ToxicEye RAT exploits Telegram

telegram May 9, 2021

Keep up to date with all known and actively exploited zero-day Telegram vulnerabilities here.

A new remote access Trojan (RAT) is exploiting cloud-based instant messaging platform Telegram to steal data from victims and update itself to perform additional malicious activities.

According to Check Point Research (CPR), Telegram has enjoyed a surge in popularity this year because of controversial changes to its rival, WhatsApp’s privacy settings. It was the most downloaded app worldwide for January 2021 and has surpassed 500 million monthly active users.

This popularity has not gone unnoticed by threat actors, who are increasingly exploiting Telegram as a ready-made command and control (C&C) system for their malware, because it offers several advantages compared to conventional Web-based malware administration.

The first time Telegram was used as C&C infrastructure for malware was the ‘Masad’ info-stealer back in 2017.The attackers behind Masad understood that using a popular IM service as an integral part of their attacks gave them a number of operational benefits.

A compelling target

Firstly, Telegram is a legitimate, easy-to-use and stable service that isn't blocked by enterprise anti-virus engines, nor by network management tools. Moreover, threat actors can remain anonymous as the registration process requires only a mobile number. Next, the unique communications features of Telegram mean attackers can easily exfiltrate data from victims’ PCs, or transfer new malicious files to infected machines. Finally, Telegram also allows malefactors to use their mobile devices to access infected computers from almost any location globally.

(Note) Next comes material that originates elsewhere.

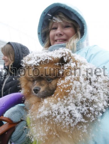 Женщина держит щенка породы шпиц во время Чемпионата Северных собак на НСК "Олимпийский", в Киеве, в субботу, 12 января 2013 г. В этот день на НСК «Олимпийский» для посетителей перед Старым Новым годом подготовили развлекательную программу: соревнования среди собак северных пород , мастер-класс по изготовлению кукол-оберегов и оригинальных украшений. В этот день также был открыт парк ледовых скульптур "Олимпийская зима". Фото Александра Синицы / УНИАН

Since 2017, dozens of new types of malware that use Telegram for C&C and exploit Telegram’s features for malicious activity, have been found as ‘off-the-shelf’ weapons in hacking tool repositories in GitHub.

Over the past three months, CPR has witnessed more than 130 attacks using ToxicEye, a new multi-functional RAT which is spread via phishing emails containing a malicious .exe file.

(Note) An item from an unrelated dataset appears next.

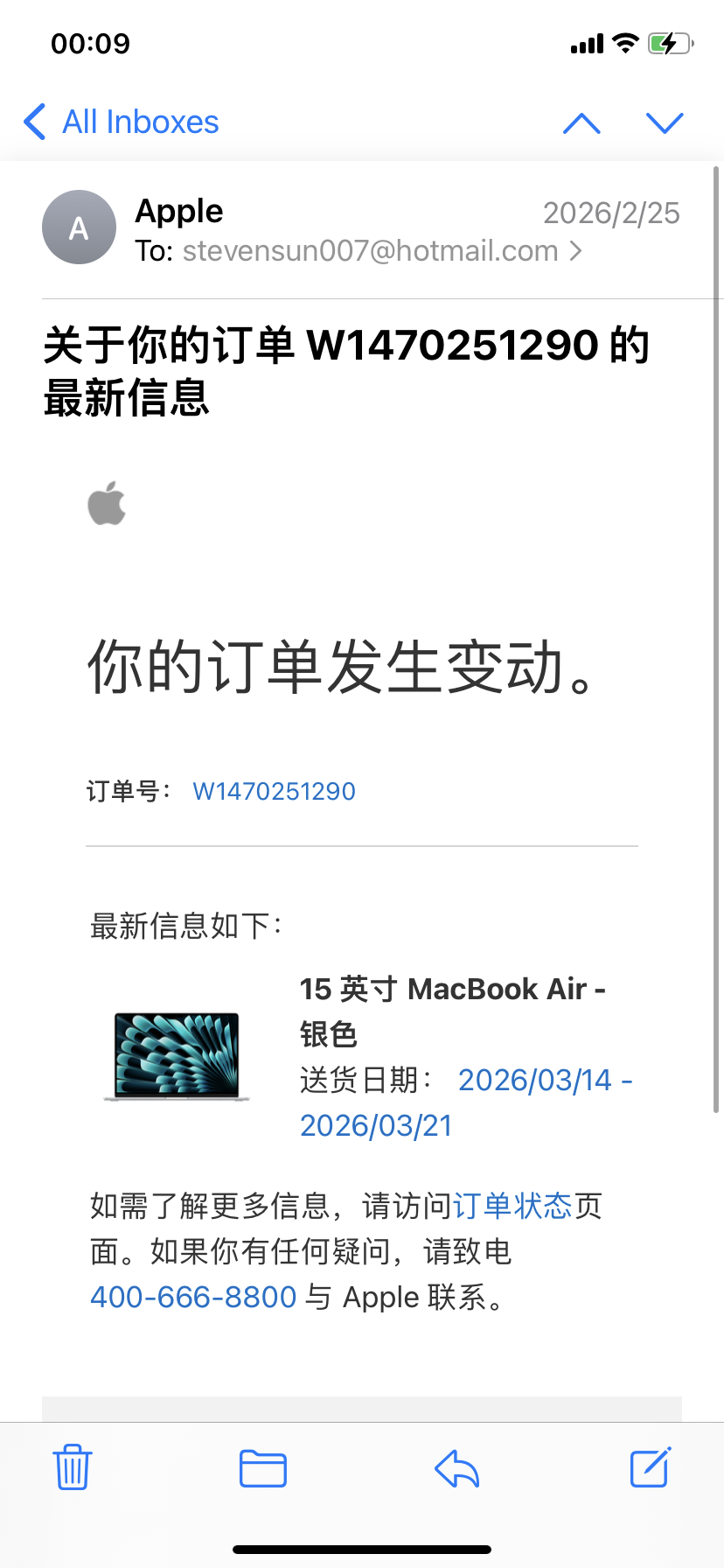 我2月初下单的 Macbook Air

If the user opens the attachment, ToxicEye installs itself on the victim’s PC and performs a range of exploits without the victim's knowledge, including stealing data, deleting or transferring files, killing processes on the PC, hijacking the PC’s microphone and camera to record audio and video, and encrypting files for ransom purposes.

The RAT is managed by cyber criminals over Telegram, communicating with the attacker's C&C server and exfiltrating data to it.

The infection chain

The bad actor initially creates a Telegram account and a Telegram ‘bot’, or special remote account with which users can interact by Telegram chat or by adding them to Telegram groups, or by sending requests directly from the input field by typing the bot's Telegram username and a query.

The bot is embedded into the ToxicEye RAT configuration file and compiled into an executable file. Any victim infected with this malicious payload can be attacked via the Telegram bot, which connects the user’s device back to the attacker’s C&C via Telegram.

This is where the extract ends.